Dana’s Walk – A Mother’s Experience of Bringing up a Child with a Disability

Here is another touching and inspirational interview with a mum bringing up a child with a disability.

Sera Johnston has recently published her book “Dana’s Walk” (£10.99 Ecademy Press), a personal and true story of what it is like to bring up a child who has a disability. In this book, Sera shares the life story of Dana, her 14-year-old daughter who is living with Spastic Cerebal Palsy. Due to her disability, Dana found it increasingly difficult to do basic activities such as standing, sitting and walking, however, Sera never gave up to make Dana’s life better.

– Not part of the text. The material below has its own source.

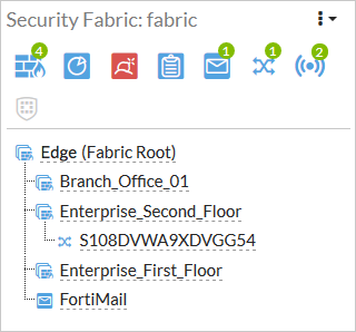 The Security Fabric widget displays all the FortiGates in the Security Fabric.

Q. Why did you decide to write a book?

A. I decided to write the book after seeing the difference in Dana following an operation in August 2011. In a way it represents closure on Dana’s previous life as her new life began on the 4th August 2011. Since diagnosis at age 13 months, Dana has been through a minefield of systems ranging from schooling to the NHS. Each with its own protocols and regulations, all alien to us as parents and all given to us as a matter of fact, without any support. We had to learn, as parents, fairly quickly the terminology and the endless amount of processes which had to be followed together with paperwork. Suddenly Dana was just a number and not an individual. I felt very alone; friends with children did not understand as I couldn’t share my worries. I was now in a world of disability and they were in a non-disabled world. If this book helps one parent in a similar situation, hopefully they will feel and think differently.


Q. What was life like before the operation?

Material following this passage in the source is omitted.